那生は目の前で耳を赤く染めている姿が愛おしい。たまらない気持ちになり、もっと聞きたいとと尋ねてみた。
「ある。とても重要なことだ」
真顔で瞳を覗き込まれ、思わず生唾を飲み込んだ。
「……何で、那生は俺のことを苗字で呼ぶんだ。高校の時は名前で──環と呼んでくれていたのに。久しぶりに同窓会で再会したときは『神宮』になってた。時々、感情的になると昔のように環になってたけど、冷静なときや今も、お前は俺を神宮と呼ぶ。それが俺は悲しい……」
「じん……環……。それは──」
「那生。俺はお前に執着している。しまくっている。那生しかいらないし、触れたいのも那生だけだ。バスケの試合を観たあの日から、俺はずっとお前しか見てない。何年も想い続けてるなんて、こっちの方が気持ち悪い──」
「そんなことないっ! 俺だって、高一から今も……ずっと、環だけだ。環のことが忘れられなくて、同窓会でお前と会えば、押さえていた気持ちが浮上する。俺はゲイだから、ノンケのお前が他の誰かと一緒にいるのを見たくなかったし、噂レベルの話でさえも聞きたくなかったんだ」
燻っていた想いを吐き出すと、那生は恥ずかしさのあまり俯いてしまった。すると、神宮の手で顎を掴まれ、そのまま上向きにされると、ウェーヴのかかった前髪の隙間から熱っぽい双眸を向けられた。
「じん——たま、き。俺……」
「那生……」
名前を呼ばれた。ただそれだけなのに胸が痛くなり、鼓動や脈が急き立てるように那生を追い詰めてくる。
「な、何?」
「俺は悔しい……」
「ど、どうした急に」
「俺は何にも知らなかった。お前が辛かった時も近くにいたはずなのに気付かなかった」
「環……」
「那生って人間を知るほど好きになったし、何だかほっとけないやつだとも思った。奈良崎のことがあったにしても、どっか危なっかしくて。そんな那生を俺は見てたはずなのに……」
クールで無敵な神宮は鳴りをひそめ、那生の前にいるのは今にも泣きそうな顔をする大切な人だ。

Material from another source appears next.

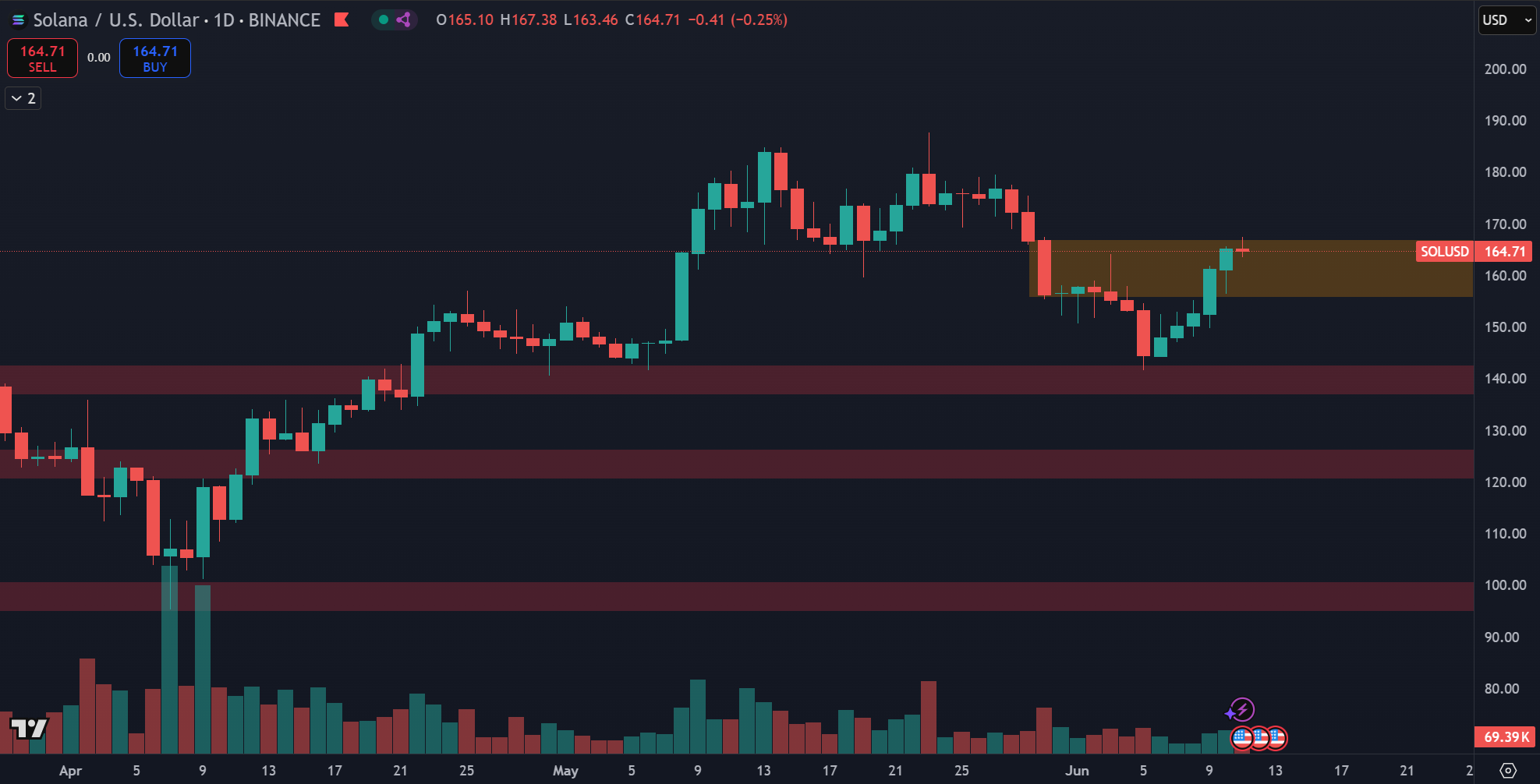 V prípade, že sa trh vydá smerom nadol a Solana vstúpi do klesajúceho trendu, z pohľadu krátkych obchodov môžu byť zaujímavé úrovne okolo 140, 120 a 100 dolárov, kde sa pravdepodobne nachádza likvidita (červené zóny na grafe). Tieto hodnoty slúžia ako logické miesta na výber ziskov. Naopak, ak dôjde k prelomeniu rezistencie a nastane rast, prvou cieľovou úrovňou je hladina okolo 185 dolárov.

「ごめん、親のことを話せば薬のことも紐付いてくるから話せなくて。こんな俺は重すぎて、親友でもウザいと思われるのがオチだと思ってた」
「思うわけないだろっ! こんなに那生のことが好きなのに、思うわけない。那生を慰めるのは、いつだって俺の役目でありたかったんだ」
「……環。ごめ……ん」
「謝って欲しいんじゃなくて俺は、俺はっ」
言い終えないうちに、那生の体は神宮の腕の中に引き寄せられていた。